Matthew O'Connor : Good question, and I have an encouraging answer. We are planning to start fundraising for mouse trials in the coming months. We write financial plans. Labs promised to grow us transgenicmice. We completely designed the mice we need. We found mice with the desired mutations. They are not as important as those with which we usually work in cell lines, but with other mice they would not have survived, since mitochondrial mutations are very harmful to health. But we have mice with moderate mutations, and we have already done experiments on their cells, and they are considered to be working. Therefore, I think that we will have mice soon, but only after a couple of years we will find out if we have fixed the mutation. However, we will have mice with our gene, probably in less than a year.

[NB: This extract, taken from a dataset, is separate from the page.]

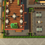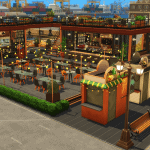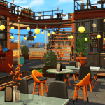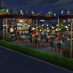 Industrial style food parks are always one of my favorite places to visit so I decided to create one in The Sims! This community lot is situated in the heart of Evergreen Harbor in the lot The Shipping Views overlooking the polluted landscape of the city. This community lot offers an unassuming Michelin-starred restaurant as well as a cozy cafe. You can run the community lot as a Cafe but I recommend you running it as a Restaurant instead.

Longecity : Sounds great. And the last question: you work with damaged mitochondria, and SENS aging theory says, hey, let's just fix the damageand everything will be much better. Do you have any thoughts on current products? Antioxidants like MitoQ or NAD + precursors , what do you think of them? Do you find them effective?
Matthew O'Connor : This is a difficult question, because it is not my field, but I will tell you my opinion. I would say that there are some preliminary studies indicating that increasing NAD + levels with the help of these dietary supplements can actually have some positive effect on your mitochondrial function. Whether they will improve your health or longevity is an unresolved question. But they could slightly improve energy production. Antioxidants aimed at mitochondriaare supposedly workers, but I do not recommend you run after them to the shops. And yet I believe that this area of research should pay attention. The era in which everyone talked about taking megadoses of vitamin C and E to try to remove all of the free radicals produced by mitochondria, is gone, as they do not get into your mitochondria. But some seem to fall into them. The problem is that this is a sensitive system, and it is better not to interfere in it. There have been experiments that have shown that some of these targeted antioxidants can remove free radicals unnecessarily well and actually damage the mitochondrial function. Therefore, I do not run to the stores for them, but follow the research.